On Trayvon Martin: The U.S. School System’s Criminalization of Black Youth

school-suspension

Eye on Culture

The efforts to defend George Zimmerman by disparaging and demonizing Trayvon Martin have become commonplace. The three-headed monster of the Sanford Police Department, Zimmerman’s attorney (and surrogates) and Fox News continue to push a narrative that seeks to justify Zimmerman’s actions. At the center of their distortions, distractions and lies has been an effort to paint Trayvon Martin as a “criminal,” as a “thug” and as a “menace” – as America’s nightmare: “young, black and don’t give a f*ck.”

Citing manufactured pictures and suspensions, like Geraldo’s reference to hoodies, the “blame the black kid” defense is intent on justifying his murder by substantiating Zimmerman’s fear and suspicion. Michelle Goldberg asked, “Why Conservatives Are Smearing Trayvon Martin’s Reputation,” concluding that “Conservatives are focusing on Trayvon’s tweets, appearance, school suspension over marijuana traces, and the hoodie he was wearing to blame him for his own death – and to show that his killing had nothing to do with racism.” These efforts have led to a shift in the media coverage and hyper emphasis on Martin’s demeanor, background, and behavior.
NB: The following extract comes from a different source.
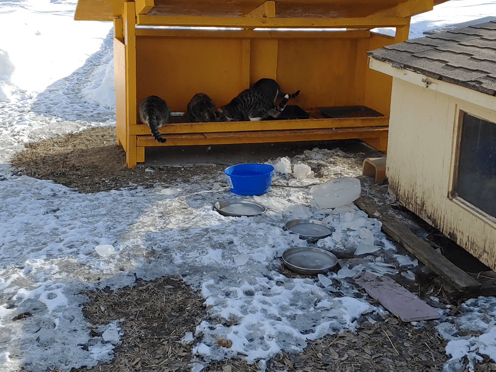 I noticed their water bowls were frozen, and the heated bowl in the sun room was almost empty again. This morning, I looked out the bathroom window and saw one of the ‘iccuses curled up in the empty water bowl, sleeping! I’m glad they can use it to keep warm, but with the outside heated water bowl not working right now, and everything freezing again, I don’t want them to run out of water.

According to Goldberg, “The media was flooded with the news, if one could call it that, that Martin was once suspended from school for possession of a plastic baggie with marijuana residue on it.”

For example, a story in the Orlando Sentinel took the lead in the character assassination, giving voice to defend Zimmerman by assassinating the character of Martin with its emphasis on most-recent school suspension: “[H]e had been suspended from school in Miami after being found with an empty marijuana baggie. Miami schools have a zero-tolerance policy for drug possession.” Likewise, a Miami Herald piece on Trayvon Martin provided a context to understand the shooting:

As thousands of people gathered here to demand an arrest in the Trayvon Martin case, a more complicated portrait began to emerge of a teenager whose problems at school ranged from getting spotted defacing lockers to getting caught with a marijuana baggie and women’s jewelry.
The Miami Gardens teen who has become a national symbol of racial injustice was suspended three times, and had a spotty school record that his family’s attorneys say is irrelevant to the facts that led up to his being gunned down on Feb. 26.

The focus on his suspension is particularly revealing not only in Trayvon’s case, but also in the larger fabric of American racism. For the defenders of Zimmerman and much of the media, the reports of multiple suspensions, of a connection to an “empty marijuana bag,” are evidence that at best Trayvon was “complicated” and at worst he was a “thug” who therefore deserved to be killed.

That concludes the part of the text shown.